▶

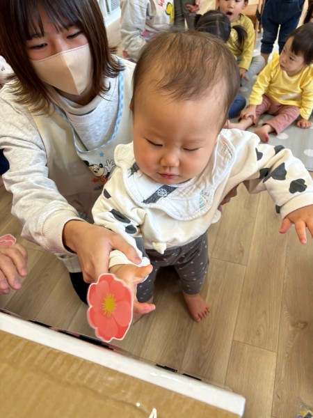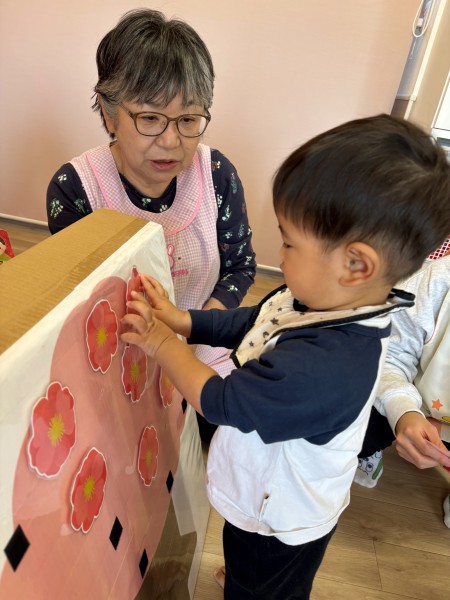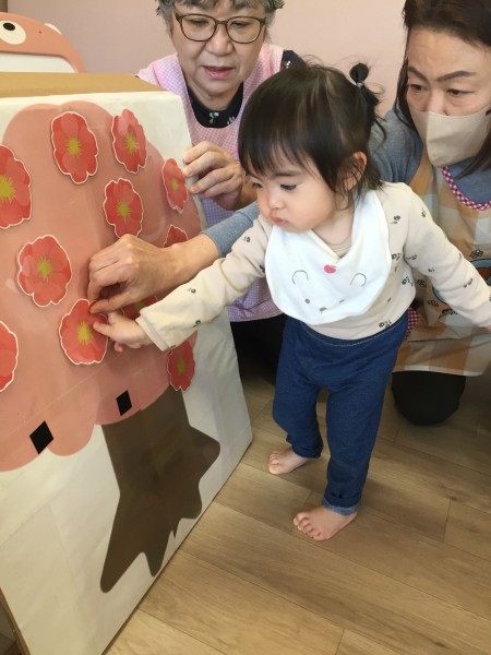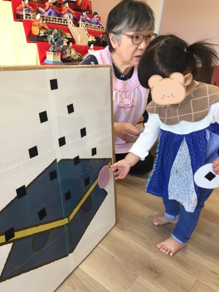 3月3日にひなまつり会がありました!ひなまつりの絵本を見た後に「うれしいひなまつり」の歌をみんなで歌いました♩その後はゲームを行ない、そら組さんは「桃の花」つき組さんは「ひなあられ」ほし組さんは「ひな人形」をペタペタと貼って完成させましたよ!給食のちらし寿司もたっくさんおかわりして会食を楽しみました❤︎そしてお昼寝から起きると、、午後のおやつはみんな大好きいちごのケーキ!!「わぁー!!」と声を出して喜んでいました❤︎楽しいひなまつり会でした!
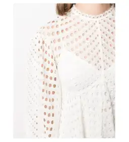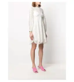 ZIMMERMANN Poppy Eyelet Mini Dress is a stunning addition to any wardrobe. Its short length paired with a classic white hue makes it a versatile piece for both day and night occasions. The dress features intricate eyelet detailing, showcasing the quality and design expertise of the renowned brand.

◀
▶

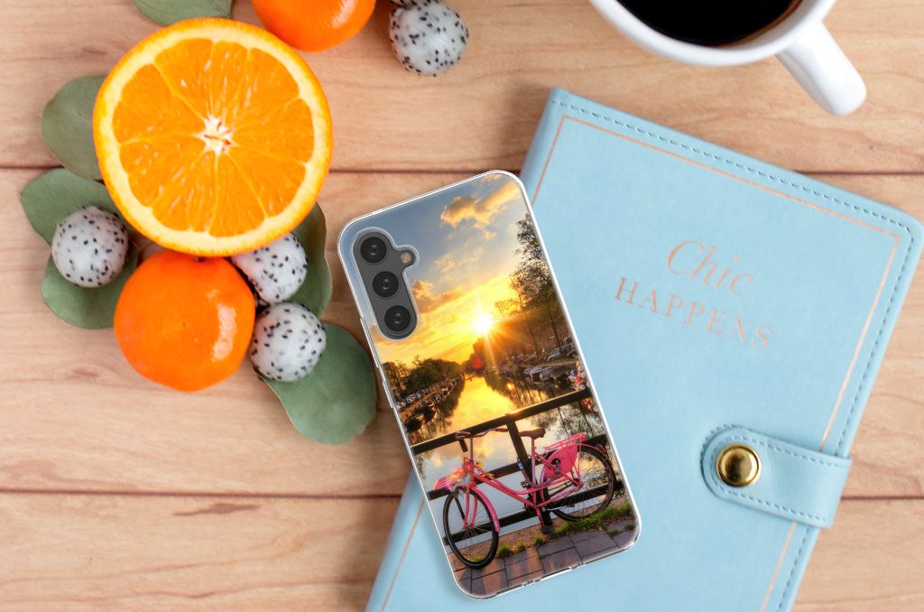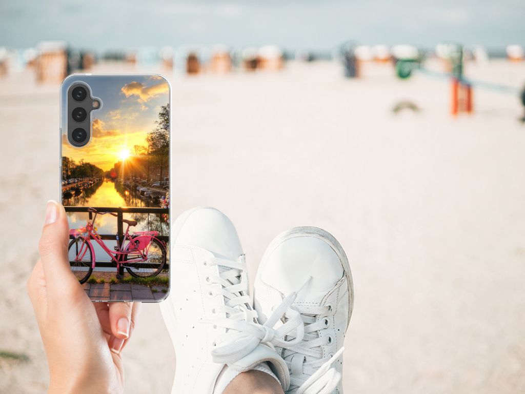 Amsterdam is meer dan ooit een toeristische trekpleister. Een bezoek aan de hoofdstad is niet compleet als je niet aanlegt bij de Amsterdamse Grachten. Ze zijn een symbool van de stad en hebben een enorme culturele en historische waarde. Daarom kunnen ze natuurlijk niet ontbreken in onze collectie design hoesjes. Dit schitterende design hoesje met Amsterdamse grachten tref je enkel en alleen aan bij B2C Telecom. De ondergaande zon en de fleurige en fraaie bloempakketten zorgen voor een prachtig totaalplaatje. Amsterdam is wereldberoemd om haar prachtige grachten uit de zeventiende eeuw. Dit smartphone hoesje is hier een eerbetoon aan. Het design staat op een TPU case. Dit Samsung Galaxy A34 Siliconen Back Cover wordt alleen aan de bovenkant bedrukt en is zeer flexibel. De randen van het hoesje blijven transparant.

◀
▶

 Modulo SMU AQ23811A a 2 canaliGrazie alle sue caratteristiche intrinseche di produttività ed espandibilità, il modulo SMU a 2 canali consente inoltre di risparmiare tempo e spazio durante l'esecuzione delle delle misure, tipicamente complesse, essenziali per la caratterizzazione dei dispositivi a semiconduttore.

◀

* _What to do_: Above are some records; extract exactly the lines from the one containing "3月3日にひなまつり会があり" through the one containing "ZIMMERMANN Poppy Eyelet" and drop the pictures.

* _Task result_:
 3月3日にひなまつり会がありました!ひなまつりの絵本を見た後に「うれしいひなまつり」の歌をみんなで歌いました♩その後はゲームを行ない、そら組さんは「桃の花」つき組さんは「ひなあられ」ほし組さんは「ひな人形」をペタペタと貼って完成させましたよ!給食のちらし寿司もたっくさんおかわりして会食を楽しみました❤︎そしてお昼寝から起きると、、午後のおやつはみんな大好きいちごのケーキ!!「わぁー!!」と声を出して喜んでいました❤︎楽しいひなまつり会でした!
 ZIMMERMANN Poppy Eyelet Mini Dress is a stunning addition to any wardrobe. Its short length paired with a classic white hue makes it a versatile piece for both day and night occasions. The dress features intricate eyelet detailing, showcasing the quality and design expertise of the renowned brand.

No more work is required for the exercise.